** Task statement **
Exactly the lines from the one containing "はなえださんの自動車の名前っぽいあだ名は… 『ハント』『ポハシェ』『レクハス』 ツクッター" through the end of the listing must make up the answer, with no pictures included.

** Data excerpt **
————————

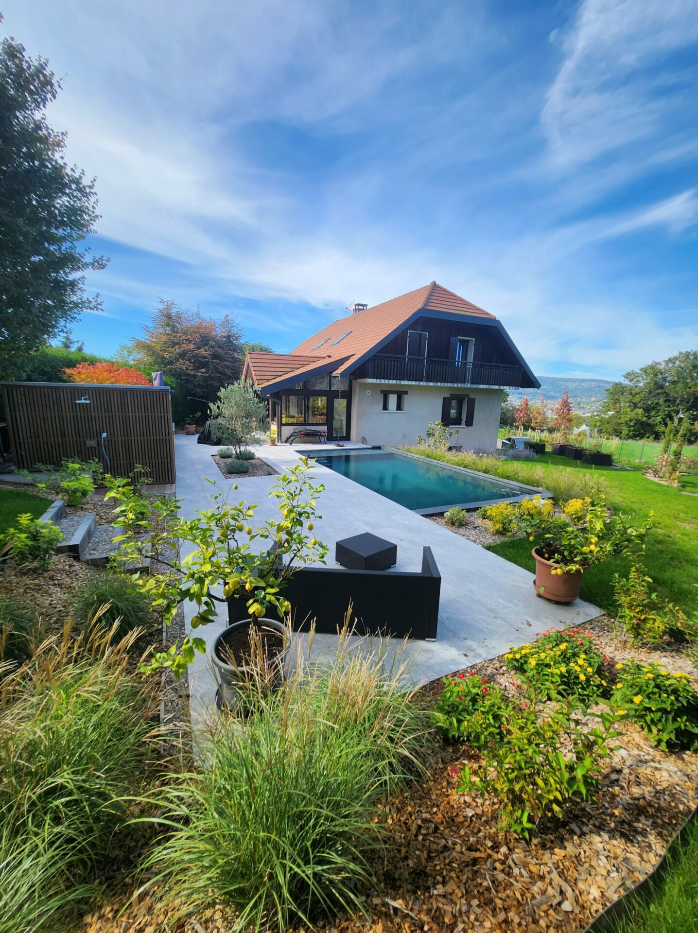 Nous donnons vie à des jardins uniques et sur mesure, adaptés au climat et aux paysages savoyards. Terrasses, piscines, jardins comestibles ou espaces bien-être : chaque projet est conçu pour allier esthétisme, confort et nature. Inspirez-vous de nos créations pour imaginer votre futur extérieur.
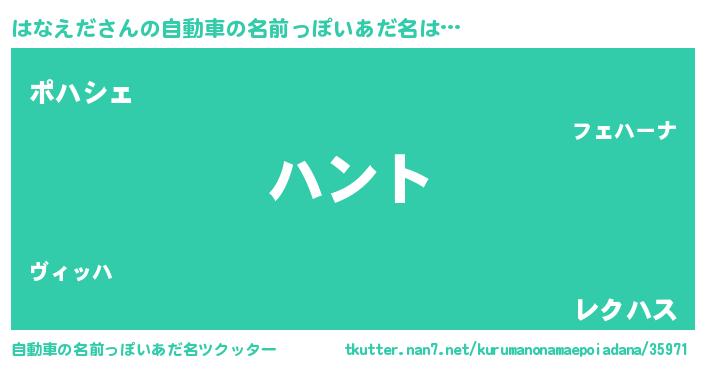 はなえださんの自動車の名前っぽいあだ名は… 『ハント』『ポハシェ』『レクハス』 ツクッター #自動車の名前っぽいあだ名ツクッター http://tkutter.nan7.net/kurumanonamaepoiadana/35971/
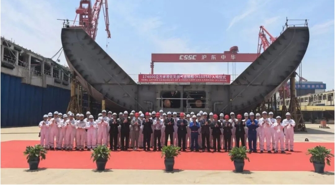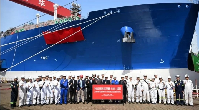 17.4萬立方米LNG運(yùn)輸船“遠(yuǎn)海奮進(jìn)”號(Ocean Inspiration)在滬東中華新廠區(qū)正式命名。

————————

** Worked solution **
 はなえださんの自動車の名前っぽいあだ名は… 『ハント』『ポハシェ』『レクハス』 ツクッター #自動車の名前っぽいあだ名ツクッター http://tkutter.nan7.net/kurumanonamaepoiadana/35971/
 17.4萬立方米LNG運(yùn)輸船“遠(yuǎn)海奮進(jìn)”號(Ocean Inspiration)在滬東中華新廠區(qū)正式命名。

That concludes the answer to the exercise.